Me: “Our end users are not technical people; they are ordinary people, who watch TV through a TV screen. Not through a “CRT.” Even though that may be true, no Joe or Jane Average TV watcher, watches MASH or WKRP or Lou Grant through a “CRT.” They watch their TV screen. Why not give them instructions for something they know very well, in terms they understand?”
Engineer: “But the term screen is not technical enough!”
That was the early 1980s, but I’d suggest the point stands today. At any rate, as a technical writer who had to deal with obstinate engineers who believed that everybody knew what their obscure initialisms meant, a compromise emerged: write the term in full the first time, followed by the acronym/initialism. For example, “Your cathode ray tube (CRT) displays the C: prompt. Enter _____ …, and the CRT will display …”
Seems an easy compromise. Perhaps we should adopt it.
I 100% support I Love Me. Using non-established acronyms and expecting the reader to figure it out is jerkish behaviour. You only need to spell it out once to establish it and than can use it multiple times for brevity if you wish. Since you only post once and the post is then read hundreds of times, the poster should do the extra work to be coherent, not the reader.

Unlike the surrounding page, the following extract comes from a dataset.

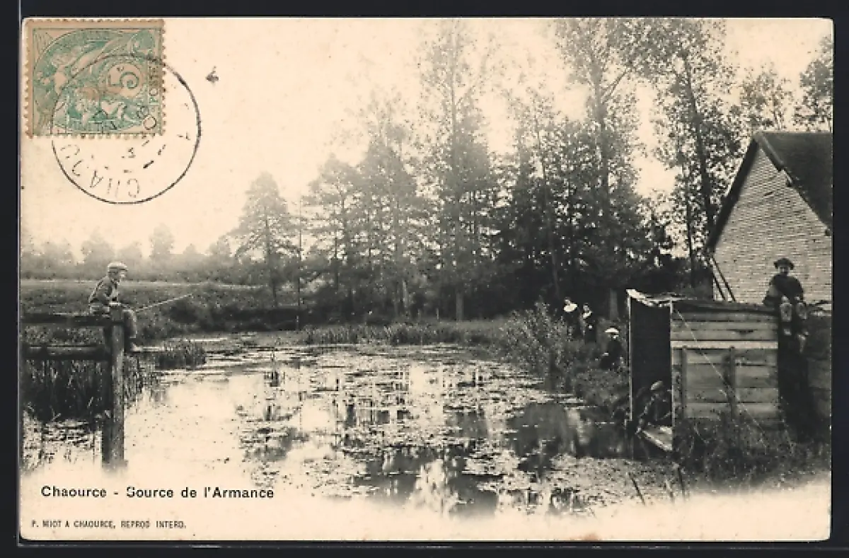 AK Chaource, Source de l`Armance avec pêcheurs au bord de l`eau

For excessive legalese, even if it’s a legal thread there will be some people reading along, so you should at least define unfamiliar terms, even if everybody actually posing in the thread know what they mean.

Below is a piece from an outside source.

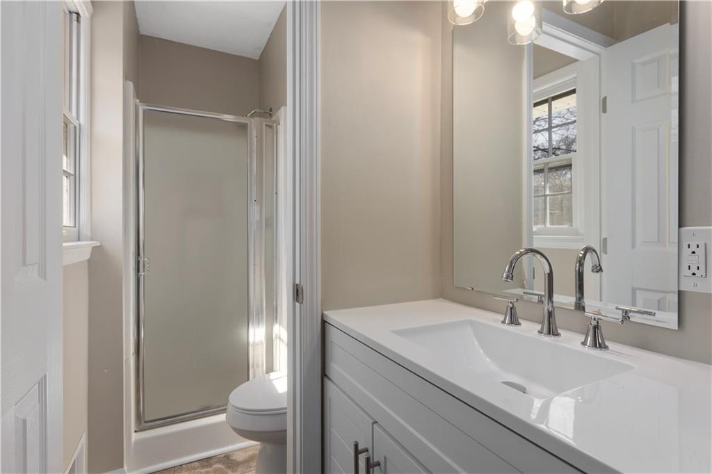 Welcome home to this spacious and updated 3 bedroom, 3 bath brick home on a corner lot, offering incredible versatility and room to grow with so much NEW! With 2 additional non-conforming bedrooms in the fully finished basement (making this a 5 bedroom home) and second kitchen, this home provides flexible living options for guests or multi-generational living. The main level features a fully updated kitchen with stainless appliances and kitchen island, seamlessly flowing into a warm and inviting hearth room highlighted by a stunning brick fireplace, the perfect gathering space. The side by side windows bring in so much natural light! A formal family room with new carpet and elegant bay windows look out on the quaint covered front porch, perfect for entertaining or relaxing. Down the main level hallway you will find a fully updated bathroom with double vanity, Laundry area, three large bedrooms with walk-ins and hardwoods. Primary bedroom has it's own private En-suite. Main level laundry and a bonus second laundry room in the basement. Downstairs, the finished basement expands your living space with two non-conforming bedrooms, a spacious family room with second brick fireplace, a full bathroom, a secondary kitchen and a safe room (suspended under the front porch). The finished basement has its own entrance, making this an excellent potential for extended stays or private guest quarters. 2 car garage around back is gated, also additional parking in the front driveway with carport. Tons of parking space for cars or an RV. NEW HVAC and NEW retaining wall by the carport. This home has it all and close to shopping, the arts district and highway access. Turnkey and ready for YOU!

This, too. Really, the way I see it, it’s almost like he just scans threads for more than one capital letter together, in order to complain. It’s both some level of stalkerish behaviour - only for a post-style rather than a poster - and it’s a form of junior modding. In any case, something jerky.
“The problem isn’t that ILMVI asks about what an acronym means. The problem is that he’s an obnoxious dick about it.”
Thats it.
His requesting clarification is not to improve communication but to jump up and down and yell “look at meeeee”. The unknown acronym is much less disruptive than the obnoxious post dumped in the middle of the thread.
Plus the idea that there are “obviously” ok ones to use snd “obviously” bad ones to use is extremely myopic, again indicating this is less about improving communication for the board than banging the drum on his own pet peeve.
Sure, undefined acronyms can be annoying, but it’s a problem easily solved when it happens. People should make an effort the define them, but my guess is no one is leaving them undefined because they think no one will get it and it’s some power play. It’s like people that get offended if you use a vocab word they don’t know.
You don’t need to wag your finger and be obnoxious because you and the poster briefly didn’t have a shared metal image of common acronyms.